It was obvious from the moment Brady and Daphne walked through the swinging door that they had been bickering since Baltimore. They were still doing it as they walked past his desk, but Chaz--who had been alone in the bullpen until then--didn't even bother lifting his head.
Brady said patiently, "Gray."
Daphne slung her satchel on the desk, dropped into her chair, and replied with infinite forbearance, "Blue."
Brady propped a hip on the corner of his desk. It creaked alarmingly. "Gray."
"Blue," Daphne explained, while Chaz rested his left hand across his mouth and concentrated very hard on the statistical breakdown of major crimes in the Northeast for 2004.

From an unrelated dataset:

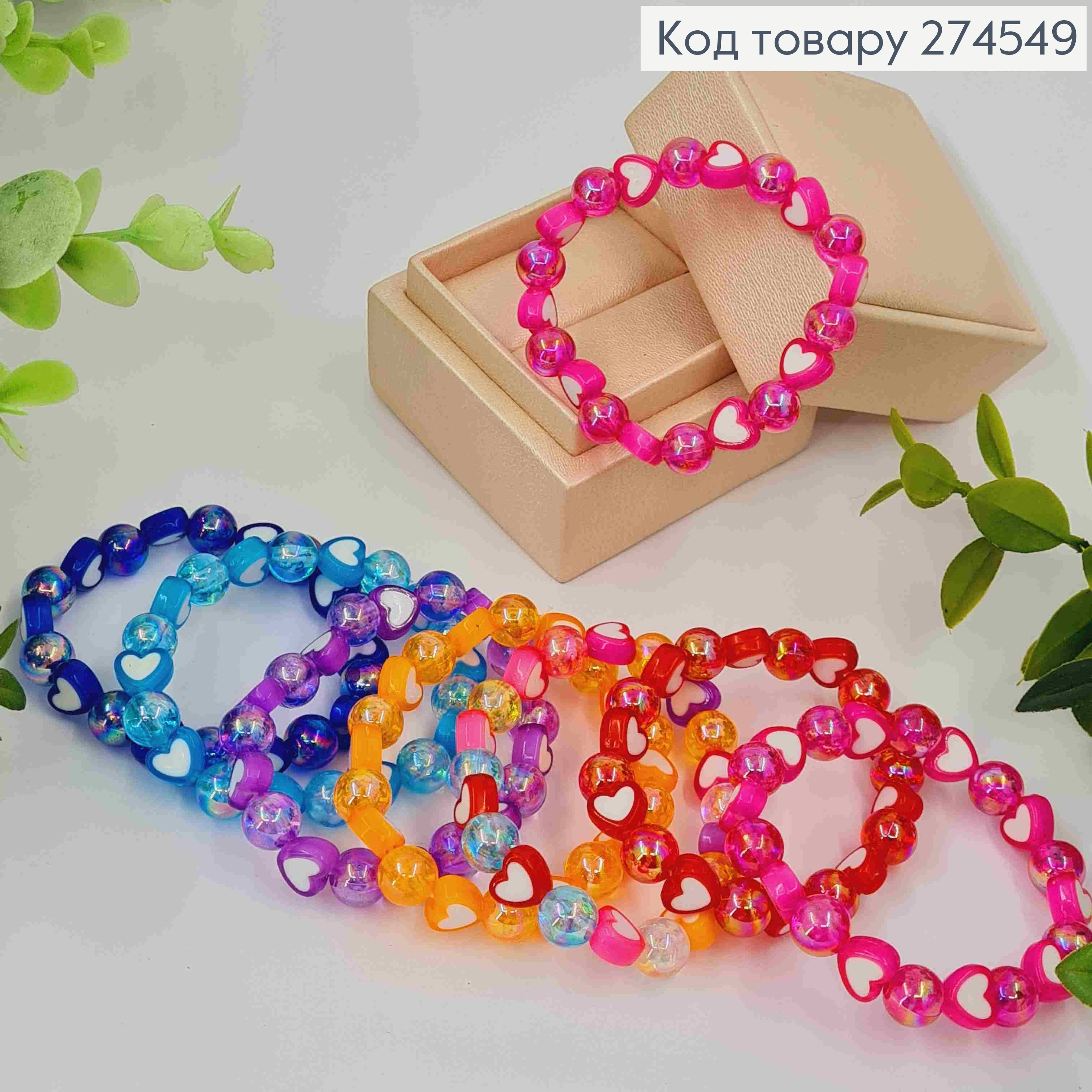 Браслет детский, с Бусинками Сердечками, Яркие цвета

But Brady shook his head and, in the tone of someone dealing with a four-year-old's fit of the Whys, said, "Gray."
Daphne spun her chair around, crossed her arms, and leaned forward. "Totally blue. Blue like a blue thing! Blue. Chaz, tell him Sol's eyes are blue."
Yup. Hand across the mouth was one of his better ideas, because he managed to bite down on the knuckles until his giggles passed, and with every air of obliviousness, reply: "Gunmetal."
A startled second later, Daphne crowed out loud, rocking back in her chair hard enough to rattle the casters against the floor.
Disgustedly, behind her, Brady said, "Sheeit. Even his eyes can't keep their story straight."